The JNR Risk Mapping Tool allows the creation of categorical and spatially static maps whose categories represent different levels of risk of deforestation or forest degradation in the validity period of the Forest Reference Emissions Level (FREL) and throughout the jurisdictional geographical boundaries. In the JNR Allocation Tool, the level of risk determines how the jurisdictional FREL is spatially distributed to nested lower-level jurisdictional programs and projects.

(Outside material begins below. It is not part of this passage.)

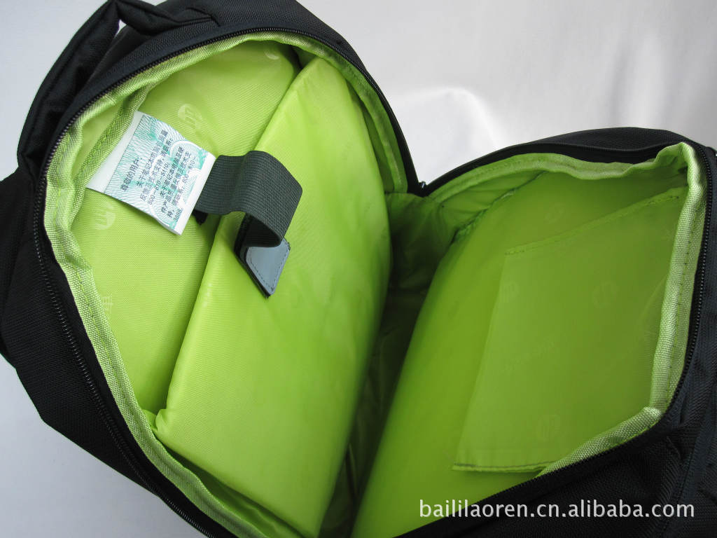 【結(jié)構(gòu)】:包包兩個大的主袋,拉鏈封口。內(nèi)置電腦專用隔層,有效保護筆記本,防震、防磨、防劃。一個主袋,可放衣服、雜志等物品。一個雜物袋,可放雜志、錢包、鼠標(biāo)、電源、電池等。
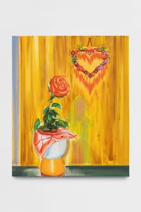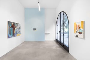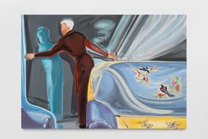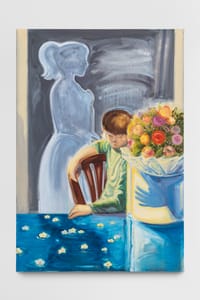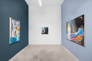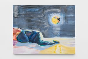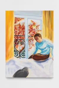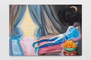 In this new body of work by Qianyu Li, the domestic settings in which the scenes depicted unfold seem to open up onto other dimensions. Windows—long a metaphor in painting—open onto the outside world, but that's not all: here, the exterior and interior interpenetrate and merge. Sometimes it seems as if the back wall itself is disappearing, with curtains like real stage wings opening onto a night sky, a mysterious backdrop onto which shadows with the sharp outlines of statues are projected, or a crescent moon appears in the darkest corner of the room.

While the JNR Risk Mapping Tool methodology favors simplicity, obtaining the risk map is not straightforward. The approach requires several geoprocessing steps on raster data that can be large, i.e. covering large spatial extent (eg. national scale) at high spatial resolution (eg. 30 m). The riskmapjnr Python package includes functions to perform these geoprocessing steps and derive a risk map on any jurisdiction and at any spatial resolution following the JNR Risk Mapping Tool methodology.

Installation

You will need several dependencies to run the riskmapjnr Python package. The best way to install the package is to create a Python virtual environment, either through conda (recommended) or virtualenv.

Using conda (recommended)

You first need to have miniconda3 installed (see here).

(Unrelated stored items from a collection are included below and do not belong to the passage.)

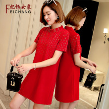 纯色短袖连衣裙女2017春装新款简约中长款镶钻修身显瘦包臀打底裙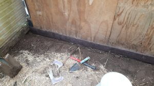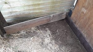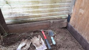 As posted yesterday before I can finish the last bit of pebble backfilling there’s some work to do inside the chook run – in that corner.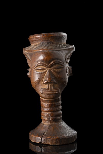 Coppa scolpita a tutto tondo con figura antropomorfa arricchita da un'acconciatura particolare. Arte tipica del Regno Kuba.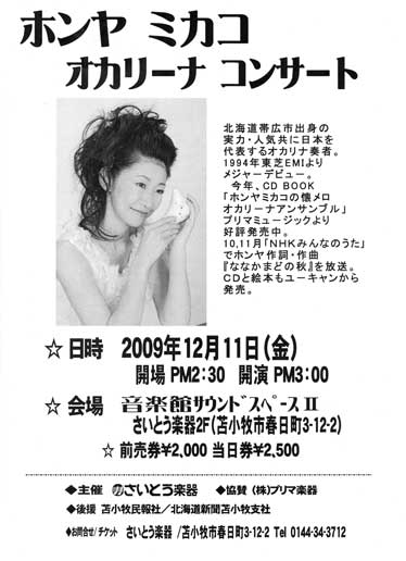 オカリナコンサートのポスターまでもらい、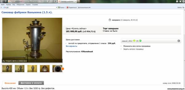 Александр , во первых поздравляю с покупкой " ракеты " ! Во вторых , с радостью отвечу на вопросы по самовару фабрики Ваныкина 1,5 л . 1. Такого самовара у меня нет . 2. Как только такой подвернется , не раздумывая куплю ! 3. По цене , я не лучший советчик . Мое мнение : любая вещь стоит столько , сколько за нее платят . Кому то этот самовар не нужен и за 20 000 р , А кто то за него заплатит любую сумму , лишь бы он оказался в его коллекции . Но я считаю , что Ваша цена несколько завышена . 4. Если мне мои "поставщики " самоваров , такой принесут, я его куплю , что нибудь в районе 8 -10 тыс .р А вообще , конечно это мое субъективное мнение , цена на такой самовар должна начинаться от 120 000 р, ну а дальше , как карта ляжет 5. Как таковой красоты , в самоваре абсолютно нет ! Любая рюмка гранями , да еще если и с "косичками " намного красивее ! Но этот самовар , просто КЛАСС ! Мое мнение , что такой самовар может быть украшением любой коллекции !!! Его прелесть именно в его простоте ! Пузатых самоваров очень много , а вот такие встречаются очень редко , да еще в такой комплектации и такого авторитетного производителя. Лично я , обожаю такие узкие безподдувальные ! 6. В продаже я его не видел . Мое мнение : Это очень интересный коллекционный самовар , который ни в коем случае продавать нельзя ! Кстати , Александр , выскажите свое мнение , по поводу моего "произведения " в теме "Без названия " Если , что то не понравилось , можете прямо об этом написать , Вы меня этим не обидите . Мне это нужно для того , чтобы сделать соответствующие выводы и дальше работать над своим слогом !

Then, create a conda environment (details here) and install the riskmapjnr package with the following commands:

conda create --name conda-rmj -c conda-forge python=3 gdal numpy matplotlib pandas pip scipy --yes
conda activate conda-rmj
pip install riskmapjnr # For PyPI version
# pip install https://github.com/ghislainv/riskmapjnr/archive/master.zip # For GitHub dev version
# conda install -c conda-forge sphinx flake8 jedi jupyter geopandas descartes folium --yes  # Optional additional packages

To deactivate and delete the conda environment:

conda deactivate
conda env remove --name conda-rmj

Using virtualenv

You first need to have the virtualenv package installed (see here).

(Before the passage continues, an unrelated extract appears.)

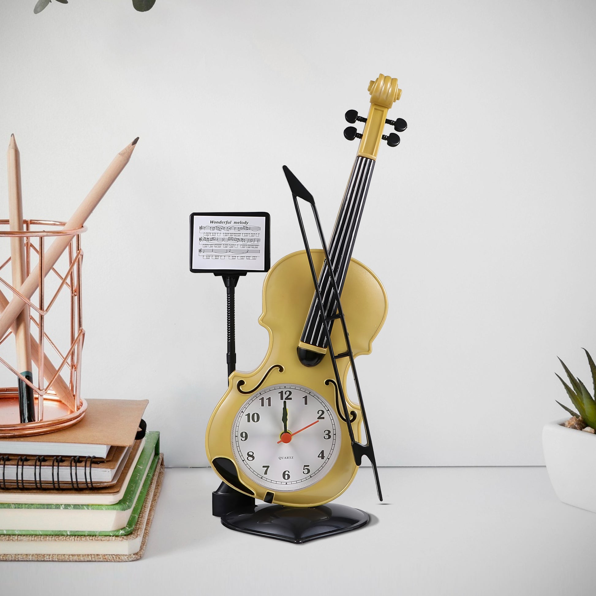 - Deze vioolbureauklok is gemaakt van hoogwaardig kunststof dat duurzaam is, een lange levensduur heeft en niet roest.

Then, create a virtual environment and install the riskmapjnr package with the following commands:

cd ~
mkdir venvs # Directory for virtual environments
cd venvs
virtualenv --python=/usr/bin/python3 venv-rmj
source ~/venvs/venv-rmj/bin/activate
# Install numpy first
pip install numpy
# Install gdal (the correct version)
pip install --global-option=build_ext --global-option="-I/usr/include/gdal" gdal==$(gdal-config --version)
pip install riskmapjnr # For PyPI version, this will install all other dependencies
# pip install https://github.com/ghislainv/riskmapjnr/archive/master.zip # For GitHub dev version
# pip install sphinx flake8 jedi jupyter geopandas descartes folium # Optional additional packages

To deactivate and delete the virtual environment:

deactivate
rm -R ~/venvs/venv-rmj # Just remove the repository

Installation testing

You can test that the package has been correctly installed using the command riskmapjnr in a terminal:

riskmapjnr

This should return a short description of the riskmapjnr package and the version number:

# riskmapjnr: Map of deforestation risk following JNR methodology.
# https://ecology.ghislainv.fr/riskmapjnr/
# riskmapjnr version x.x.

You can also test the package executing the commands in the Get started tutorial.

Main functionalities

The riskmapjnr package includes functions to:

  1. Estimate the distance to forest edge beyond which the deforestation risk is negligible: dist_edge_threshold().
  2. Compute local deforestation rates using a moving window whose size can vary: local_defor_rate().
  3. Transform local deforestation rates into categories of deforestation risks using several slicing algorithms: set_defor_cat_zero() and defor_cat()
  4. Validate maps of deforestation risk and select the map with the higher accuracy: defrate_per_cat() and validation().

The riskmapjnr package uses several known Python scientific packages such as NumPy, SciPy, and Pandas for fast matrix and vector operations and gdal for processing georeferenced raster data. Raster data are divided into blocks of data for in-memory processing. Such an approach allow processing large raster files with large geographical extents (e.g. country scale) and high spatial resolutions (eg. 30 m).

Contributing

The riskmapjnr Python package is Open Source and released under the GNU GPL version 3 license. Anybody who is interested can contribute to the package development following our Community guidelines. Every contributor must agree to follow the project's Code of conduct.